━━━━━ DATA PROVIDED

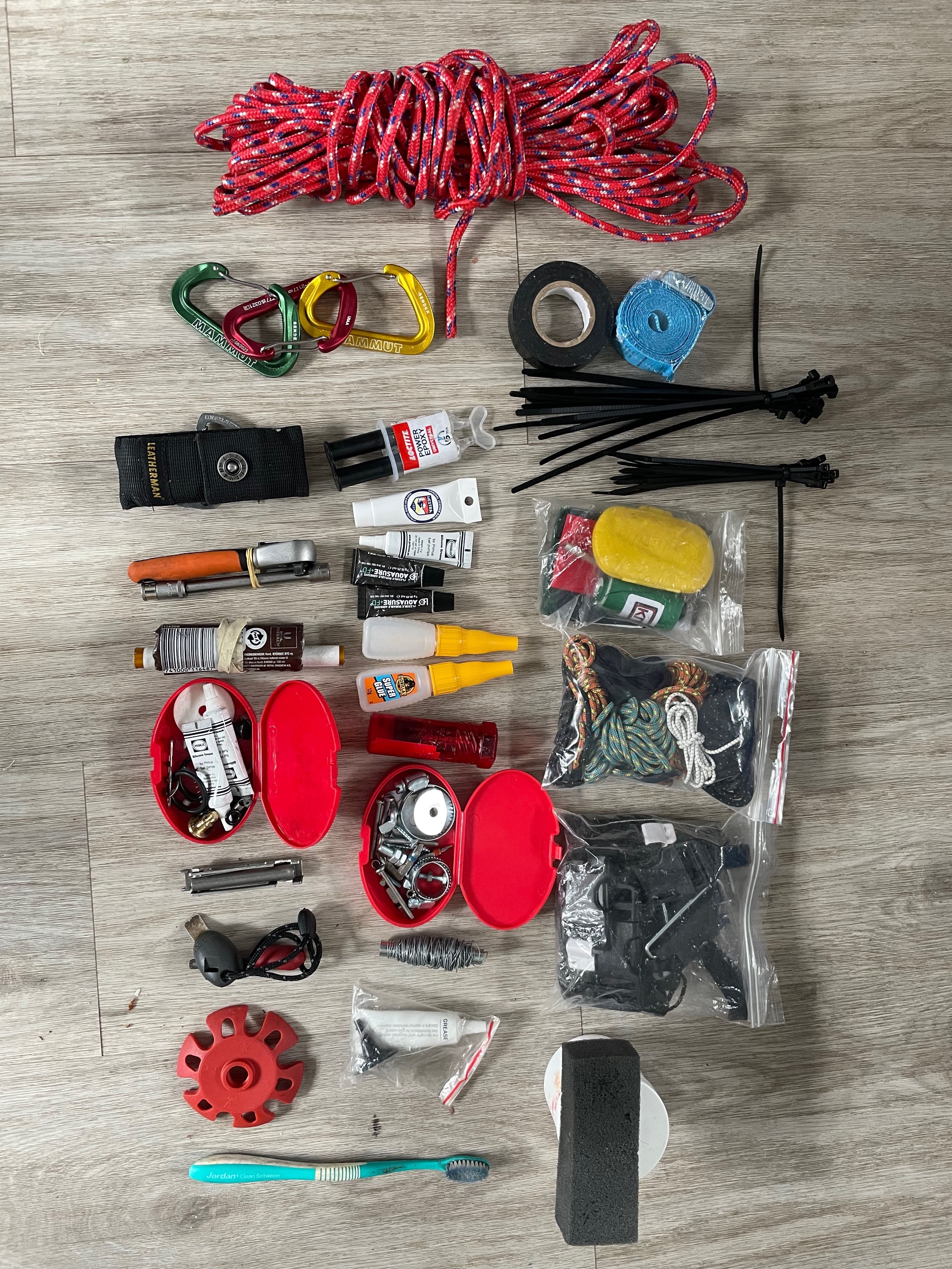 Her er et bud på et reparationssæt, men se på dit udstyr, og overvej hvad du har brug for hvis det går i stykker.
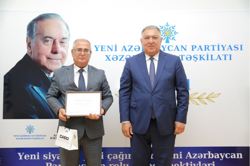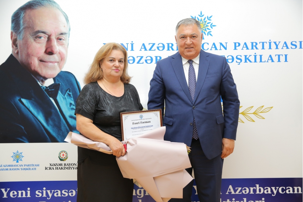 Sonda partiya sıralarına yeni qoşulan şəxslərə üzvlük vəsiqələri və rayonun ictimai-siyasi həyatında fəal iştirak edən bir qrup şəxsə fəxri fərman təqdim olunub.
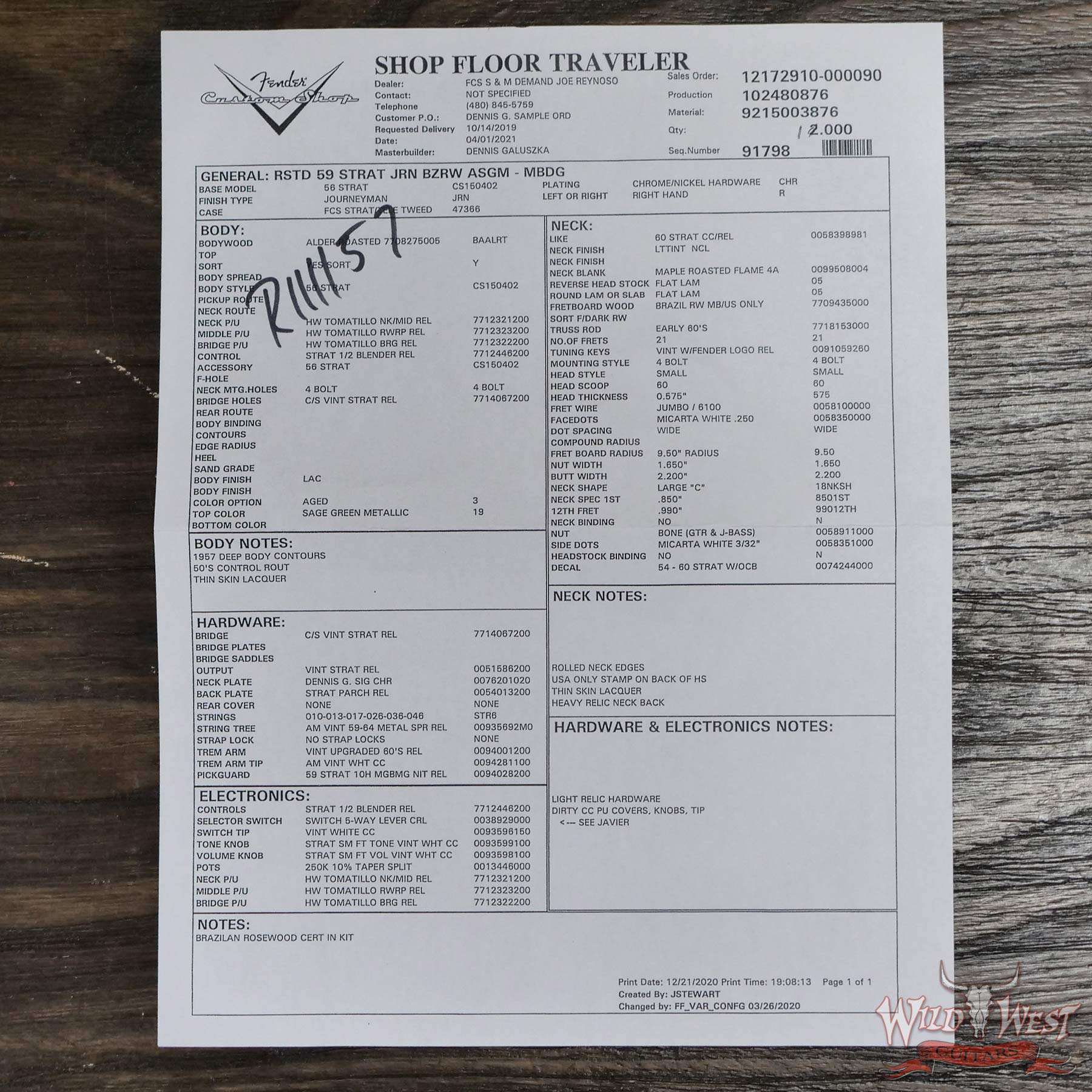 Fender Custom Shop Dennis Galuszka Masterbuilt Roasted 1959 Stratocaster Brazilian Rosewood Slab Board Hand-Wound PUs Journeyman Relic Aged Sage Green Metallic

━━━━━━━━━━

> **ACTIVITY**: Everything in the listing, except its images, should be set down exactly.

> **SOLUTION TO THE PROBLEM**:
 Her er et bud på et reparationssæt, men se på dit udstyr, og overvej hvad du har brug for hvis det går i stykker.
 Sonda partiya sıralarına yeni qoşulan şəxslərə üzvlük vəsiqələri və rayonun ictimai-siyasi həyatında fəal iştirak edən bir qrup şəxsə fəxri fərman təqdim olunub.
 Fender Custom Shop Dennis Galuszka Masterbuilt Roasted 1959 Stratocaster Brazilian Rosewood Slab Board Hand-Wound PUs Journeyman Relic Aged Sage Green Metallic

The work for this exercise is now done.